Measure time it took for the sequences. Plot time over the sequence length N. If the curve scales with O(N^2) instead of O(N log(N)), then these are indeed worst case sequences.
Adjust a correct Quicksort to give debug output about the subsequence lengths and/or the chosen pivot elements. One of the subsequences should always be of length 1 (or 2 for median-of-three). The chosen pivot elements printed should be increasing.
Getting a pivot equal to the lowest or highest number, should also trigger the worst case scenario of O(n2).

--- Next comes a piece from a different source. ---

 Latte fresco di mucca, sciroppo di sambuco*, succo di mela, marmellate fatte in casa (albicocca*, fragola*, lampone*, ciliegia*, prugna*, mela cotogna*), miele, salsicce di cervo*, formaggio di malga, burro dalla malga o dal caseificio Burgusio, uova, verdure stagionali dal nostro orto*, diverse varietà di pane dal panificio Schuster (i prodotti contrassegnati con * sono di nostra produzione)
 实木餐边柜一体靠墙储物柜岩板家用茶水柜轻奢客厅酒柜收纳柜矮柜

Different implementations of quicksort have different datasets required to give it a worstcase runtime. It depends on where the algorithm selects it's pivot-element.

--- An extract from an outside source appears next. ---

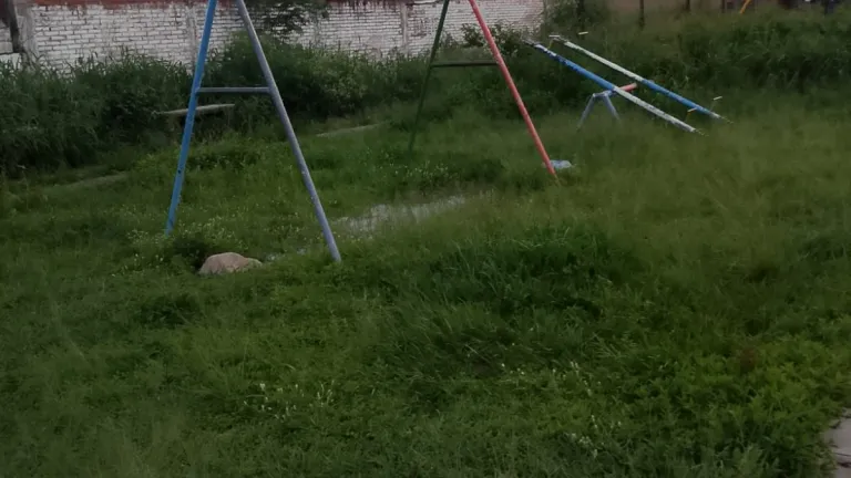 Plaza saludable invadida por la maleza y juegos deteriorados

And also as Ghpst said, selecting the biggest or smallest number would give you a worstcase.
If I remember correctly quicksort normally uses a random element for pivot to minimize the chance of getting a worstcase.
I think if the array is in revrse order then it will be worst case for pivot the last element of that array
The factors that contribute to the worst-case scenario of quicksort are as follows:
Worst case occurs when the subarrays are completely unbalanced
The worst case occurs when there are 0 elements in one subarray and n-1 elements in the other.
In other words, the worst-case running time of quicksort occurs when Quicksort takes in a sorted array (in decreasing order), to be on the time complexity of O(n^2).